Durante unos instantes y sin necesidad de
cerrar los ojos, desaparecieron el resplandor, el calor y mi inexistente casa;
sentí odio hacia esos seres que no merecían vivir.
—Lo siento mucho, y siento las molestias
que le estoy causando. Mi casa no es más que un bien material, en cambio la
vida de su hija…
—El dolor no entiende de prioridades —tenía
lágrimas en los ojos—. Para usted, lo que acaba de sucederle, es lo más
doloroso.
Cogió la jarra y llenó el vaso. Dio un
sorbo y me lo pasó. Bebí, y el agua me supo a humo. De los restos de lo que fue
mi casa ascendía una viga solitaria. Una idea siniestra atravesó mi cerebro.

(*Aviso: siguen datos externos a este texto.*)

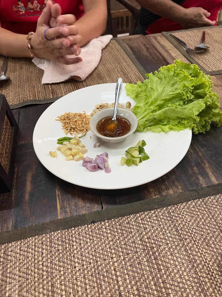 Before we began cooking, we sampled a traditional Thai welcome snack – Meang Kum – that is normally served to guests that you are cooking for. It involves filling a lettuce leaf with a little onion, ginger, chilli, lime, toasted coconut and peanuts topped with some sweet syrup and wrapped up and eaten in one mouthful. It was absolutely delicious and this was before we’d even got to the main event!
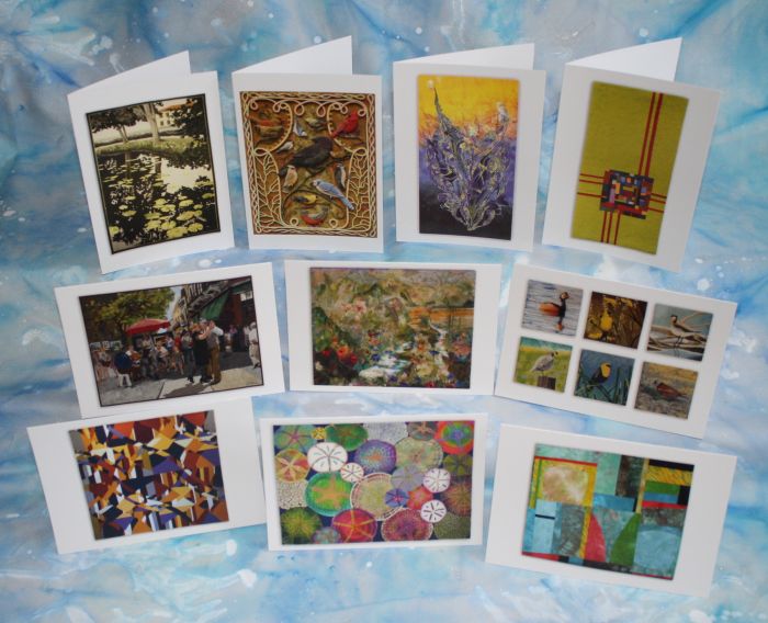 Look what came in the mail today! A pack of note cards that feature the unique works of SAQA (Studio Art Quilt Associates) Professional Artist Members. 10 art quilts are in the set, including my Birds of Beebe Woods piece. I feel honored to have my work selected for this collection, which represents the broad range of styles and techniques identified as “art quilts”. Card sales will benefit SAQA and are sold at a very reasonable price on their website here.
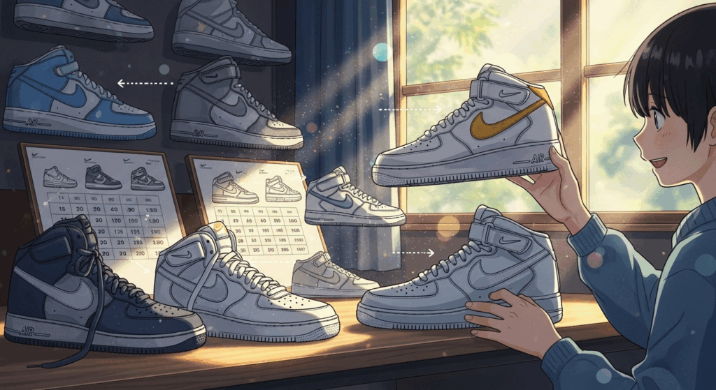 - 定番の「’07」モデルやLOWカットは、この基本の選び方が最も当てはまります。
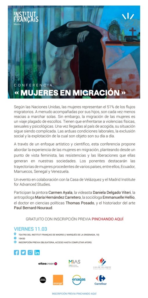 El Instituto Francés presenta la conferencia «Mujeres en Migración» Esther Soledad Esteban Castillo, Madrid Comparte esto: Compartir en X (Se abre en una ventana nueva) X Comparte en Facebook (Se abre en una ventana nueva) Facebook Me gusta Cargando...
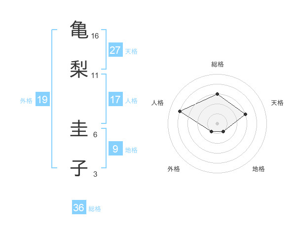 亀梨 圭子さんの総格は36画の3点!
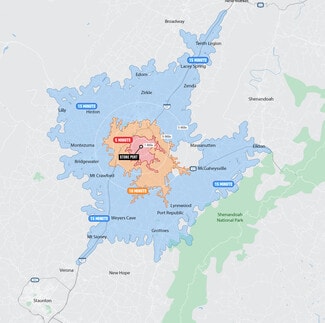 Stone Port is located in the fastest growing section in the fastest growing City in Virginia (21% over the last decade). More than 1400 new residential units/bed have been announced recently and a total of 3,200 new units/bed over the last two years within two miles of Stone Port. Additionally, the site is within 1.5 miles of Interstate 81, heavy SFR density, and 12000 James Madison University student beds and immediately across from Rockingham Memorial Hospital, which serves 200,000 patients annually and employs 2,400. Located on two of the busiest commercial corridors in Harrisonburg. Port Republic (18,000 AADT) and the Southeast Connector (31,100 projected upon build-out) with parcel sizes that are flexible and available for sale, lease, or build-to-suit. The Southeast Connector links every commercial corridor in Harrisonburg and will be the most heavily traveled road in the Shenandoah Valley. Those selecting Stone Port include Walmart Neighborhood Market, Dupont Community Credit Union, Moe's SW Grill, Bojangles, Wendy's, the Reserve at Stone Port (396 units), and more.
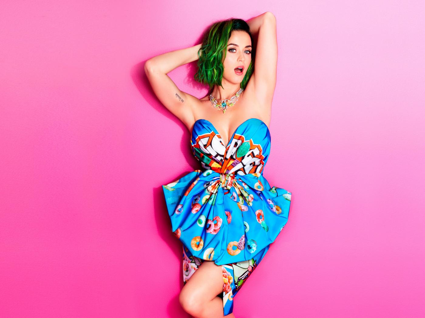 Обои Эпатажная певица Кэти Перри на розовом фоне
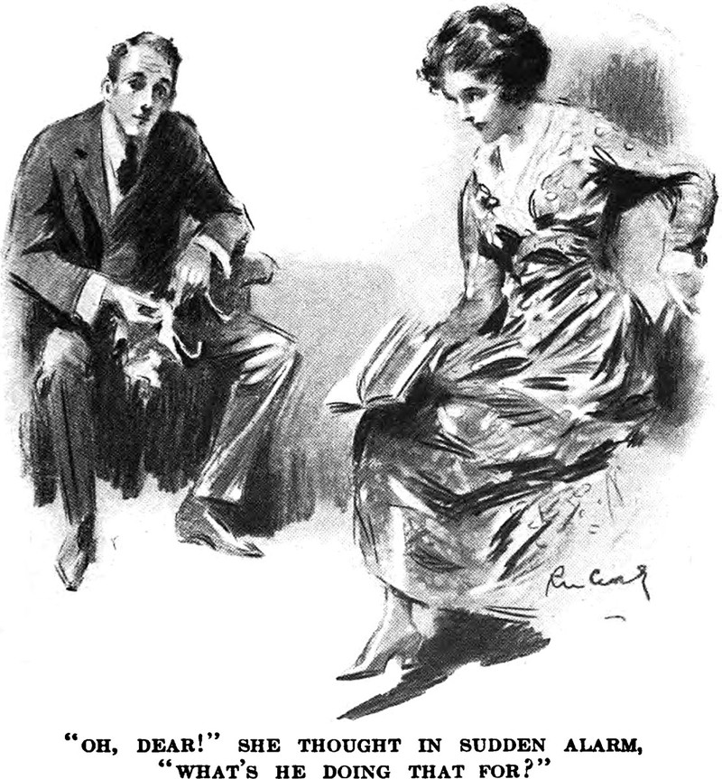 An illustration from Oh Mary, Be Careful! by George Weston (1917). The caption reads: "'Oh, dear!' she thought in sudden alarm, 'what's he doing that for?'"

—Le ataría allí —señalé—, y le prendería
fuego. El siguiente pirómano se lo pensaría dos veces antes de encender el
mechero.
—Sí —suspiró—, quizás eso hiciera
recapacitar a los demás —iba a cogerme el vaso y se arrepintió—. Sé dónde vive,
me refiero al que me quitó a mi hija. A veces, me entran ganas de ir a matarle
—una lágrima se deslizó por su mejilla.
Dejé el vaso sobre la mesa. Los ojos se me
llenaron de lágrimas. Sentí su dolor atravesándome, y el de su marido, y el de
la hija viva; no pude por menos que acercarme a ella y abrazarla.